具有不确定性的自动驾驶汽车目标封闭控制问题需要同时考虑控制最优性、鲁棒性和安全引导性能约束。本文提出了一种基于控制屏障函数（CBF）的强化学习（RL）的性能规定最优控制算法来解决上述问题，其中包括两个关键贡献。首先，开发了一个特殊的基于cbf的参数项，并将其嵌入到奖励函数中，以表征关于违反约束风险的环境反馈，这使控制器能够以最小的干预将封闭错误限制在声明的边界内。其次，利用纯临界神经网络综合最优控制策略，提出了一种新的固定时间更新律，在固定的沉降时间内加速权值收敛到理想值，从而增强了在线学习能力，进一步提高了控制性能；与学习收敛性、安全性、稳定性和鲁棒性相关的理论结果得到了严格的验证。仿真结果表明，该策略在遵守规定的安全约束和优化长期性能方面优于先前设计的基于非RL和RL方法的封闭控制器。

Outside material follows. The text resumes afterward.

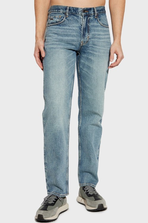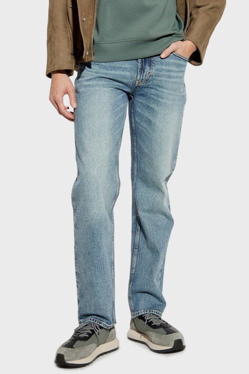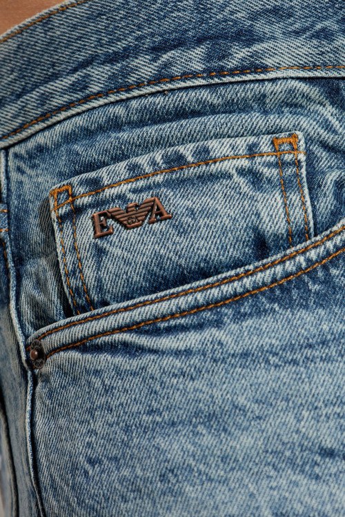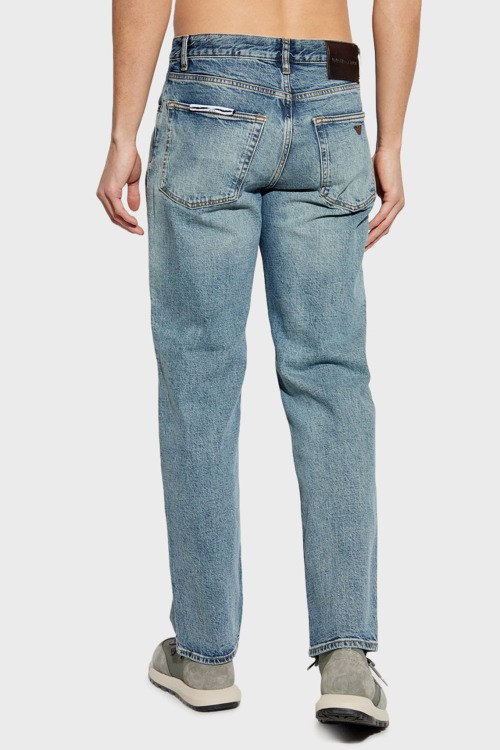 Детали: Мужские голубые джинсы от Emporio Armani (Эмпорио Армани). Пяти-карманная модель, пояс с петлями для ремня, нашивка с логотипом сзади на поясе, прямой фасон, полная длина

本文章由计算机程序翻译，如有差异，请以英文原文为准。

求助全文

约1分钟内获得全文求助全文

来源期刊

IEEE Transactions on Intelligent Transportation Systems 工程技术-工程：电子与电气

CiteScore

14.80

自引率

12.90%

发文量

1872

审稿时长

7.5 months

期刊介绍： The theoretical, experimental and operational aspects of electrical and electronics engineering and information technologies as applied to Intelligent Transportation Systems (ITS). Intelligent Transportation Systems are defined as those systems utilizing synergistic technologies and systems engineering concepts to develop and improve transportation systems of all kinds. The scope of this interdisciplinary activity includes the promotion, consolidation and coordination of ITS technical activities among IEEE entities, and providing a focus for cooperative activities, both internally and externally.